Мягкий голос. Мягкая рука. Наряд вовсе не церковный: ни креста на шее, ни пасторского воротничка. В руках лишь черная книжица.
— Спасибо, хорошо.
— Тяжко вам?
— Да.
— Не стану вас задерживать. — Он входит в палату. — Может, хотите поговорить?
— Мне пора, сэр.
Выхожу из больничного корпуса; я так напряжен, что всего колотит. Шагаю по дорожке. Хруст гравия под ногами мгновенно доводит до бешенства. Топаю ногами, воплю. Ушиб ногу. Бросаюсь прочь с дорожки. Бегу вдоль красно-кирпичного забора. Останавливаюсь. Прижимаюсь спиной к забору. Пальцы мои словно крючья. Падаю на четвереньки и царапаю ногтями черную неподатливую землю. Утыкаюсь в нее лбом. Чувствую ее жесткость и прохладу. Распластываюсь на земле и замираю. Дышу. Не шевелюсь. Дышу. Не шевелюсь. Дышу.

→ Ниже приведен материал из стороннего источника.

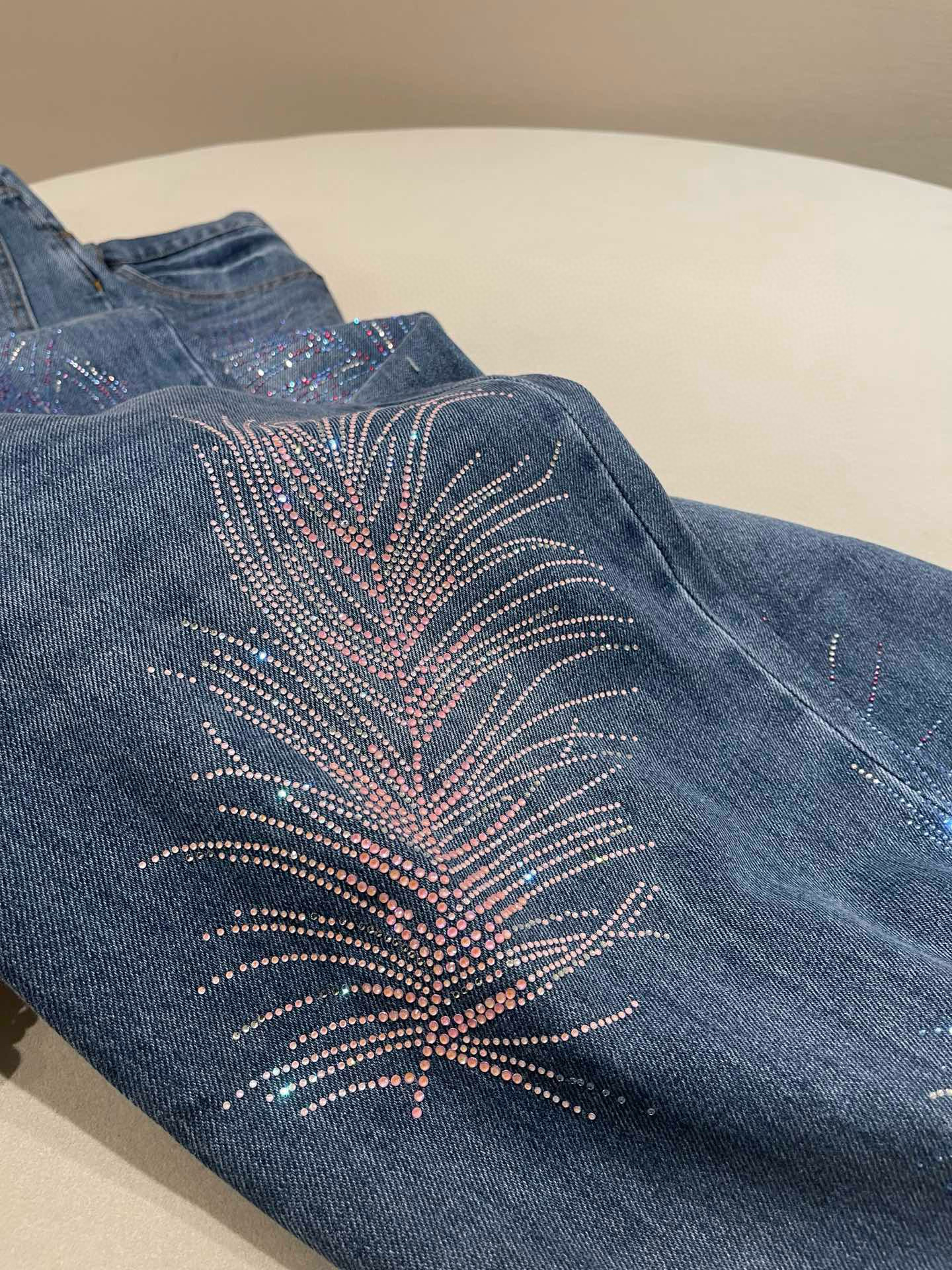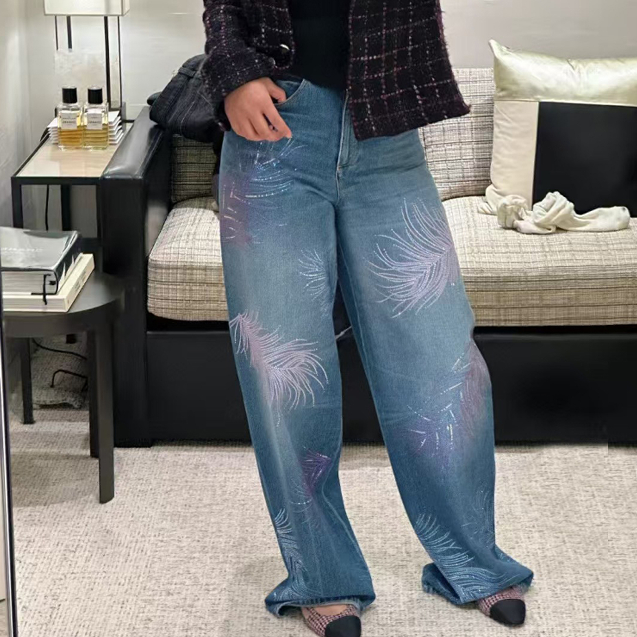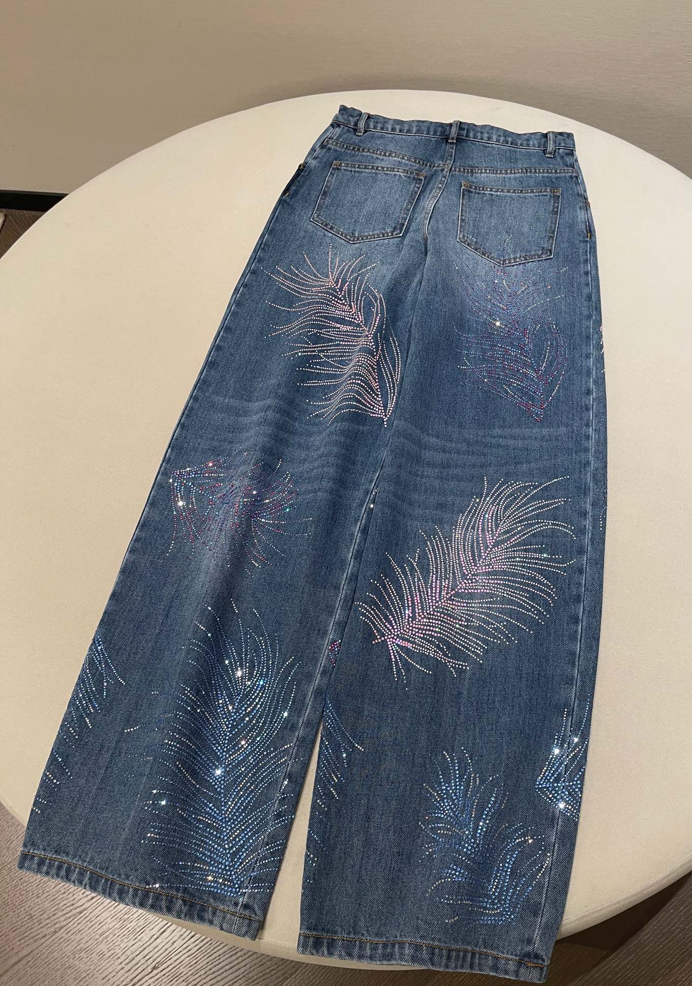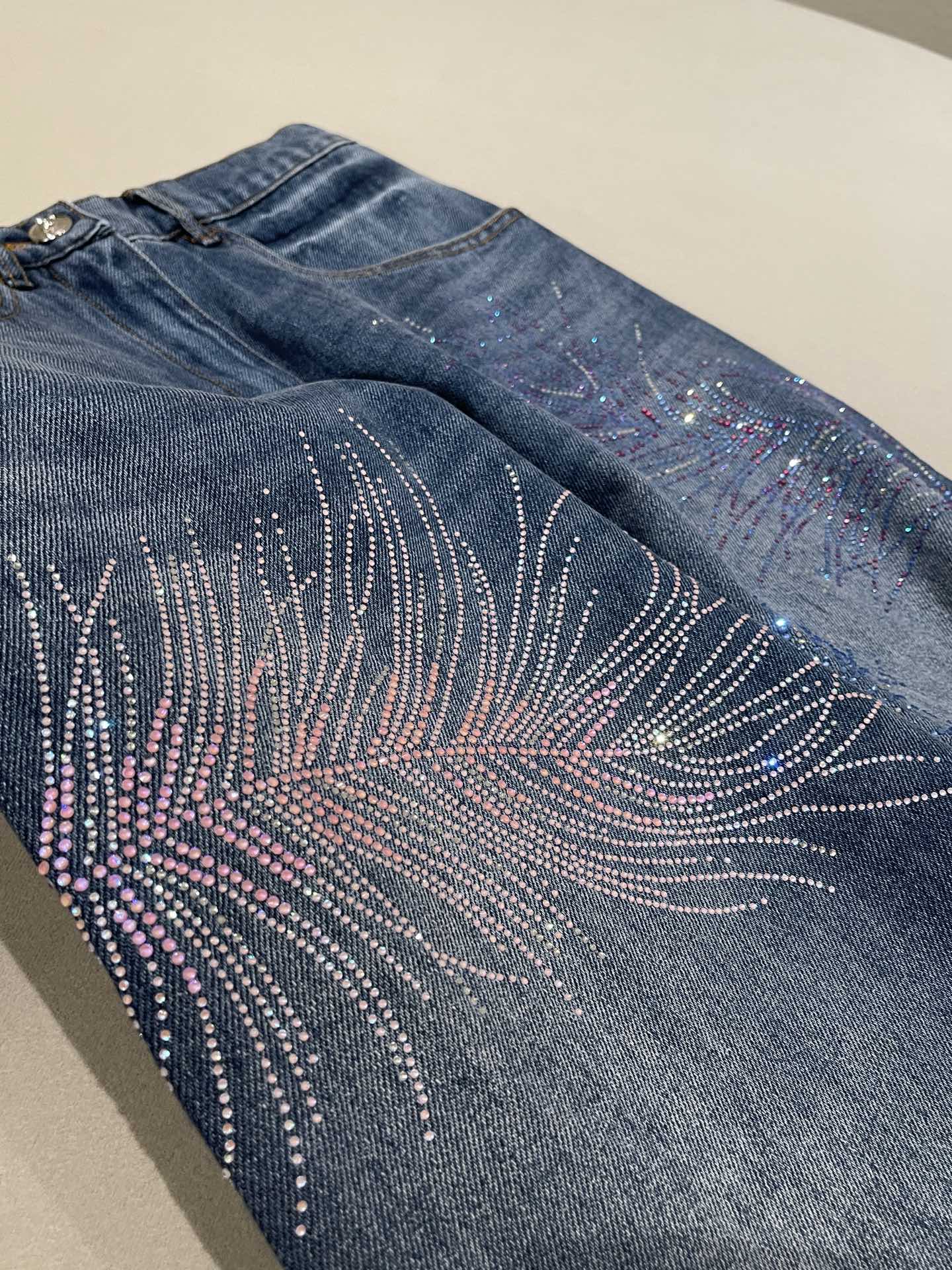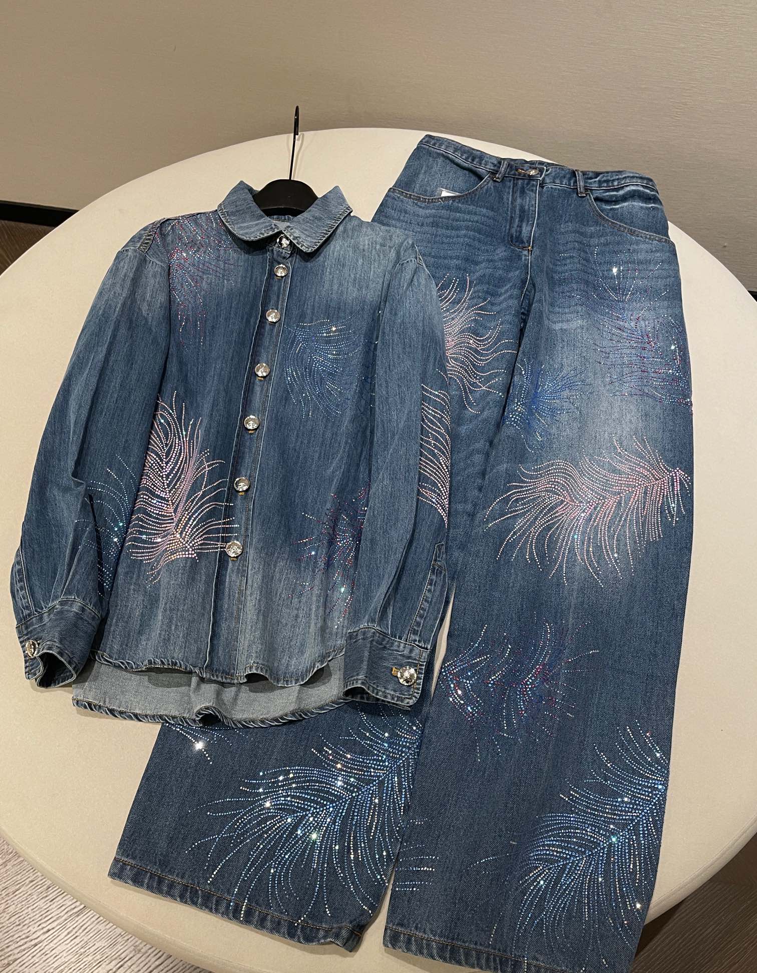 NIGO Chanel Embroidered Denim Shirt Feather Hot Diamonds Suit Set Spring Summer Gradient Colour Straight Leg Pants Loose High Waist Denim Trousers Ngvp #nigo1486

Через кошмарные окраины Торонто, поглотившие львиную долю южного Онтарио, еду домой. Да, покинув Пола, я чувствую облегчение — будто вырвался из тисков клаустрофобии и, до хруста потянувшись, сладостно расслабился, — но вместе с тем я подавлен. Рядом с ним ощущаешь себя чертовски живым. Вдали от него попадаешь в среду, оскорбляющую своей мелочностью, торгашеством и вульгарностью и наполняющую невыразимой тоской. Через бесконечный кошмар окраин рулю домой. Думаю лишь о Поле и Роккаматио.
К двери палаты приколота записка: «Извещаем посетителей, что мистер Этси ослеп. Войдя в палату, назовите себя, пожалуйста». Тупо смотрю на текст. Бросаюсь в туалет и торчу там минут двадцать.
Вхожу в палату. Пол меня ждет. Глаза его открыты и повернуты к двери. Меня трясет. Язык не слушается. Потом неожиданно для себя выпаливаю:
— Б-блин… ты ослеп…
Впервые не могу совладать со своею тоской. Я сломлен. Из груди рвутся безудержные лающие рыдания.
Ну надо же: он меня утешает.
— Ш-ш-ш… все… (пауза) …хорошо… — Голос его чуть слышен. — Чья… (пауза) …очередь? Какой год? — Пауза. — Мой черед?
Да пошло оно все! С ходу сочиняю безысходный рассказ.
1961 — В авиакатастрофе погибает Даг Хаммарскьолд: самолет миссии ООН рухнул в реку Конго.
— Да, — только и говорит Пол. Каждые двенадцать часов ему делают укол морфия.
Он в кресле-каталке. Приезд сына домой — подарок для Мэри, у которой нынче день рождения. Пол закутан — вязаная шапочка, шарф, свитер, перчатки — и укрыт одеялом; он в темных очках, видны лишь нос и верхняя губа. Середина октября, бабье лето. Я в одной рубашке. Но Пол — кожа да кости. При каждом толчке каталки его руки и ноги дергаются, как у марионетки.
Последнее воспоминание о больнице: я иду по коридору и сквозь открытую дверь палаты замечаю безделушку на прикроватной тумбочке — розовая фарфоровая рука держит ярко-красное сердце. Отчего дурной вкус так тяготеет к смерти?
Пол просветлен. Лежит в своей кровати. Он счастлив быть дома и не хочет возвращаться в больницу. Соседнюю комнату обустраивают для круглосуточного дежурства медсестры.
— Я сочиню… (пауза) …еще один рассказ… — шепчет Пол.
— Мы остановились на 1962-м.
— Нет. Это тебе. Я… (пауза) …возьму другой год.
— Ладно. Какой? Помочь с подбором событий?
— Нет. — Пауза. — Я возьму… (пауза) … 2001-й. — Пауза. — Выйдет… (пауза) …столетие… (пауза) …Роккаматио…
— Отлично, Пол!
— Да.
Он дремлет или впадает в забытье, не знаю. Теперь он все время в полудреме. У меня готов 62-й год — рассказ основан на выходе книги Рейчел Карсон «Безмолвная весна», посвященной пагубному влиянию пестицидов на живую природу.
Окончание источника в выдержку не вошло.